I don’t know when the story became more about her than him. It’s like that late night train that you board with no destination in mind. Where you find pictures in the popcorn ceiling only to forget what they were and come up with new ones instead. It’s honest and unedited. It’s me smiling at the angels, still raw and vulnerable. It’s talking to the ceiling in the dark. But I think someone interrupted me and now I’m forever waiting for the embarrassment to hit.
I’m afraid that once I begin to tell them, I won’t be able to stop. My eyes will start to sparkle, my mouth will turn up, and then somebody will ask me who I’m talking to, and I’ll hear the blinds banging against wood again.
I stopped writing about my crushes because it leaves evidence behind. When people ask me what my plans are after I graduate, I don’t tell them about all those chapters I wrote over the summer. Or all the ones I plan to write next summer. Well, what do you write, then? My lips stretch with no feeling. My shoulders rise. I look away. Poetry, I might say because it’s okay to be vague with poetry. You can hide behind flowery imagery and some obscure simile—your half-completed thoughts. Sometimes, I tell people I write fantasy because it feels more acceptable than romance. I make up lies and tell myself it’s just another story.
I’m afraid that once I begin to tell them, I won’t be able to stop. My eyes will start to sparkle, my mouth will turn up, and then somebody will ask me who I’m talking to, and I’ll hear the blinds banging against wood again. I’m afraid no one will see the green grass I’m painting or the daisies beneath it.
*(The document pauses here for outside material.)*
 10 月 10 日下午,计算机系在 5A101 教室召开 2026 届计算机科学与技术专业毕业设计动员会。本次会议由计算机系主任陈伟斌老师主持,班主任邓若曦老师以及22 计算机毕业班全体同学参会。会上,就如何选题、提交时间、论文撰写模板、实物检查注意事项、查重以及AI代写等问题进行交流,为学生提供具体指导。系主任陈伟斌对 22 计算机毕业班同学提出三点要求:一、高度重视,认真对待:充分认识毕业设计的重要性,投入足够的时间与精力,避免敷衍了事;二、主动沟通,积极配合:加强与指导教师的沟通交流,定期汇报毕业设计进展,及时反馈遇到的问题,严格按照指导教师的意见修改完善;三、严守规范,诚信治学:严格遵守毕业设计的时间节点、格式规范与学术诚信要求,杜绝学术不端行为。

I’m afraid that they’ll point out the edges of my vision, and I’ll realize it’s all on a screen. You zoom out, and I’m in the audience, one of a hundred faces in plush, red seats, staring at a scene I’m no longer a part of. So, I point out the screen to myself before they can. Wake up! I snap my fingers in my face. You’re not a child anymore.
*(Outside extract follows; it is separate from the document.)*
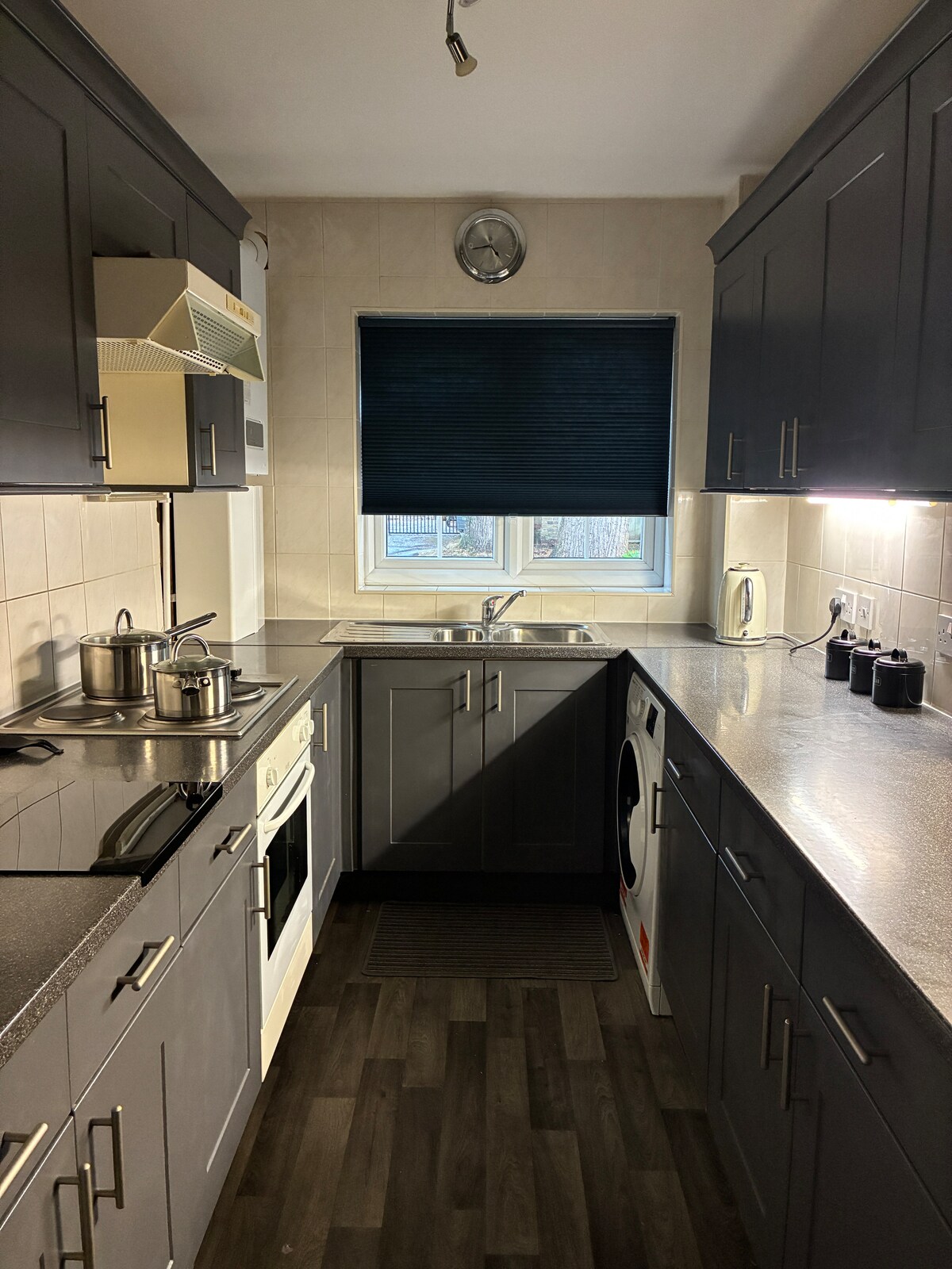 安靜的 2 臥室房源,配備加大雙人床,提供停車位,靠近車站

Writing used to be those night-time whispers to me – unwatched, unabashed, I admitted. Now, sometimes it feels like a gun in my face. Because when all the whispering finally makes her throat dry, my baby sister stops. Her eyes are still wide open. I know she’s still thinking her whispers to the ceiling. Then, her eyes drift shut and it’s a new day tomorrow. I wonder at what age you stop talking to angels.